What you should do:
Among the entries below, retype exactly the lines starting with the one with "Top view and" and going on through the one with "Warcraft 3 Frozen", but not the pictures.

Records for processing:
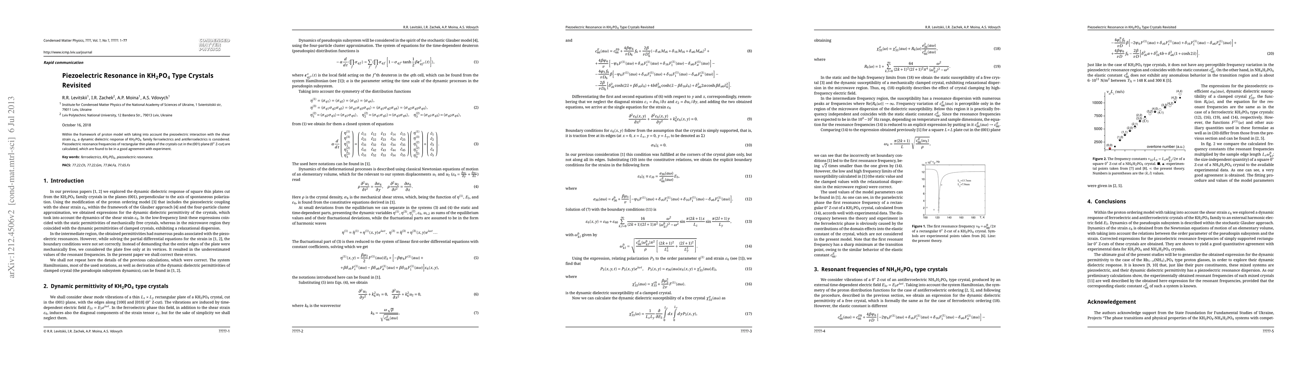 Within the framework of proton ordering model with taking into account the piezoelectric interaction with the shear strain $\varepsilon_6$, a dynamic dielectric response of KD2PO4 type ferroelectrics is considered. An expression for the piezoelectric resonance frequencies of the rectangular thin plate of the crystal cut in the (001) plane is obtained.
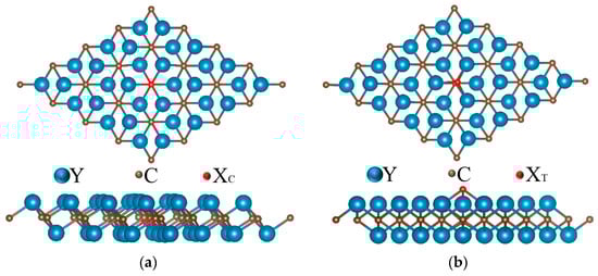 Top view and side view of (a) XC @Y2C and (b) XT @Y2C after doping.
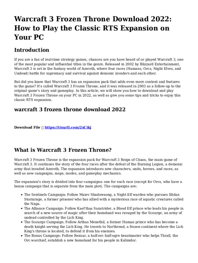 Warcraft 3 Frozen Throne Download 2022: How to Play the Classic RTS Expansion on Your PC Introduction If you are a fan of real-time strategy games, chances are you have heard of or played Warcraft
---
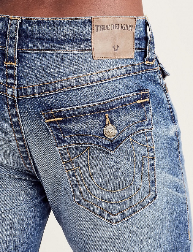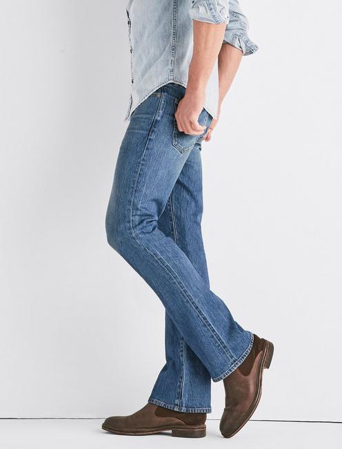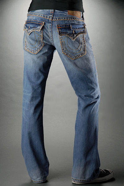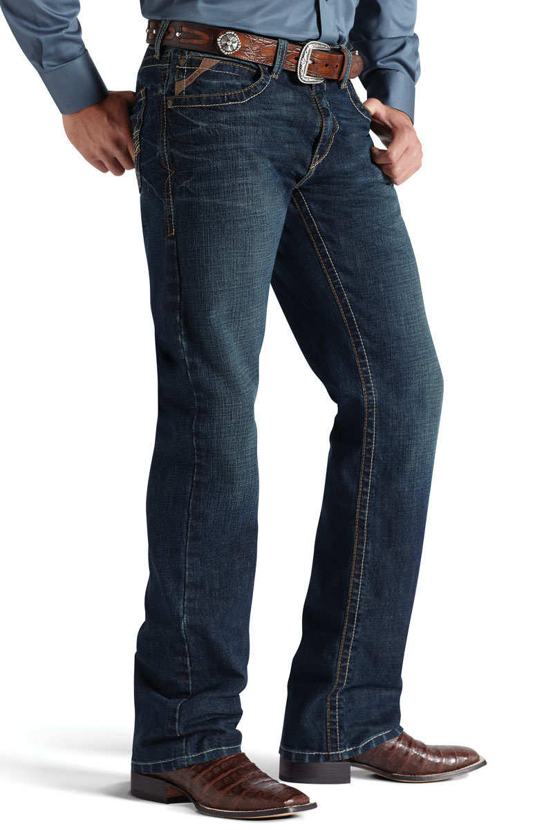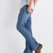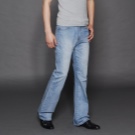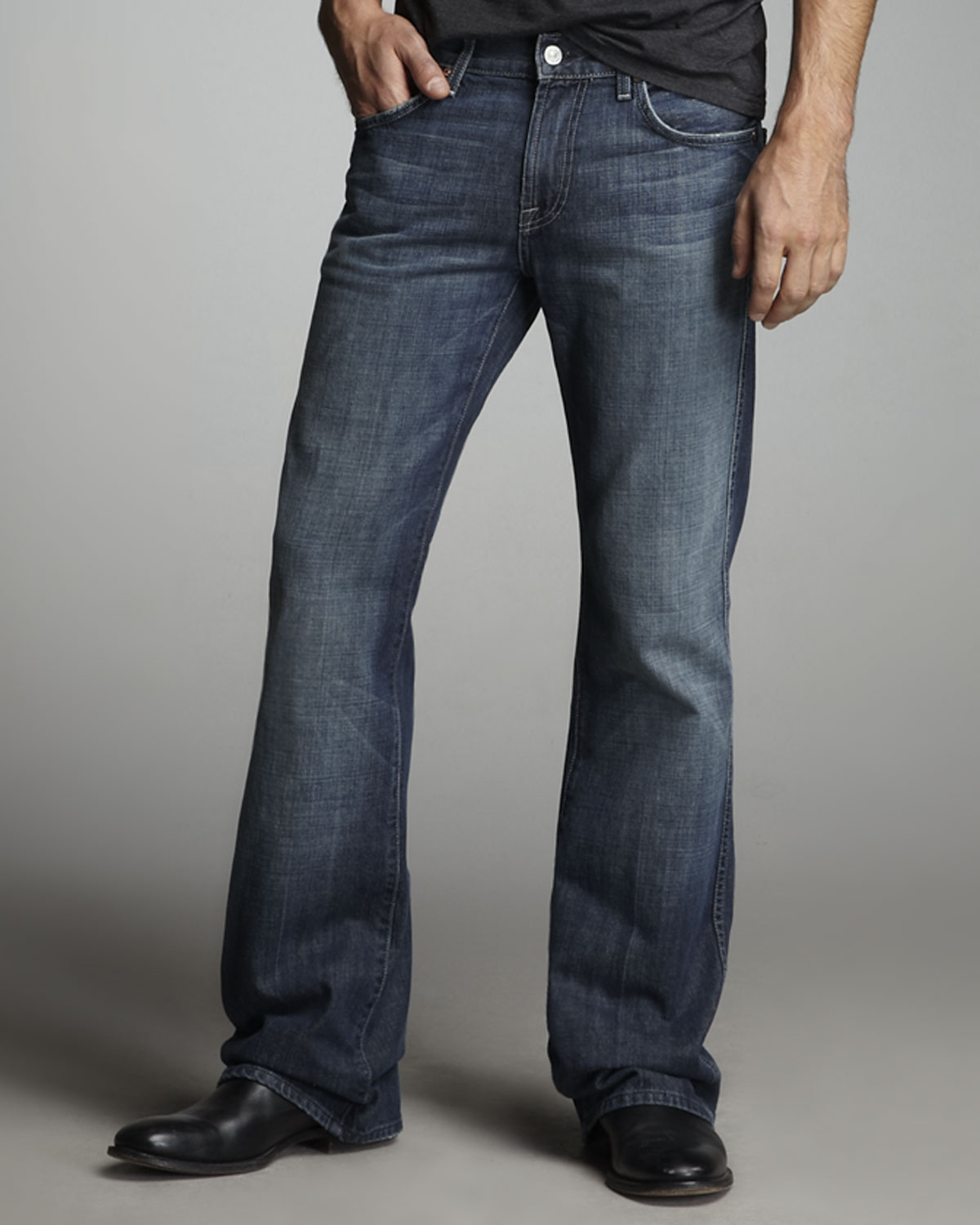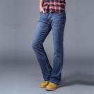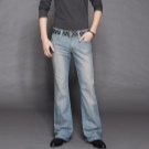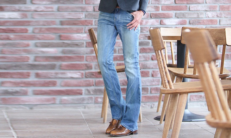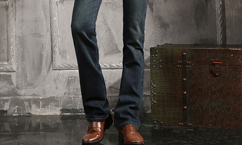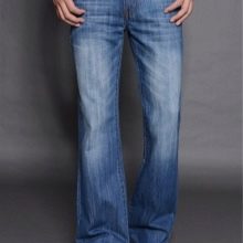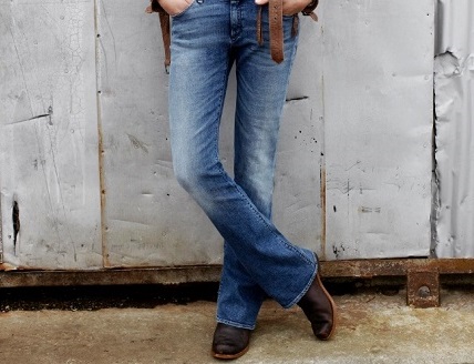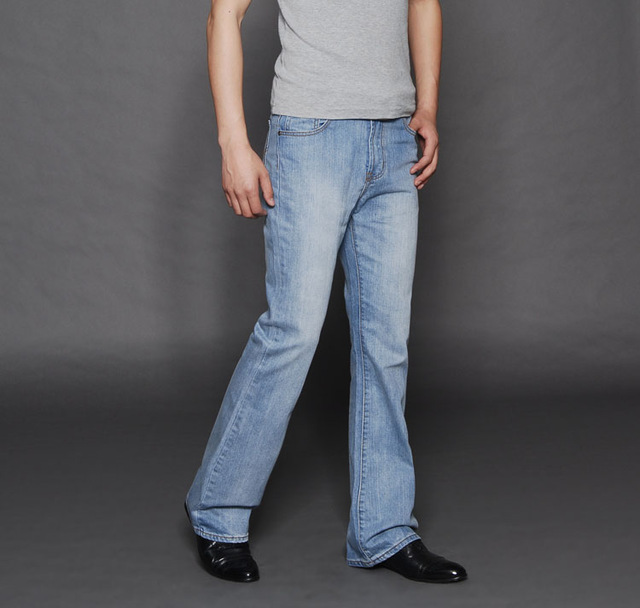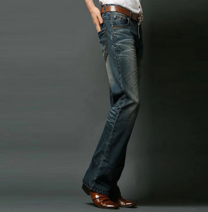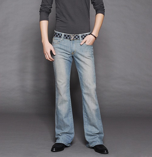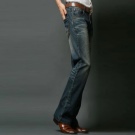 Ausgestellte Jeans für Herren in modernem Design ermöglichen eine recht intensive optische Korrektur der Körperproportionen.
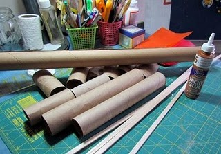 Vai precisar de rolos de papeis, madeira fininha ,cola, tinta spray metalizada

Answer box:
 Top view and side view of (a) XC @Y2C and (b) XT @Y2C after doping.
 Warcraft 3 Frozen Throne Download 2022: How to Play the Classic RTS Expansion on Your PC Introduction If you are a fan of real-time strategy games, chances are you have heard of or played Warcraft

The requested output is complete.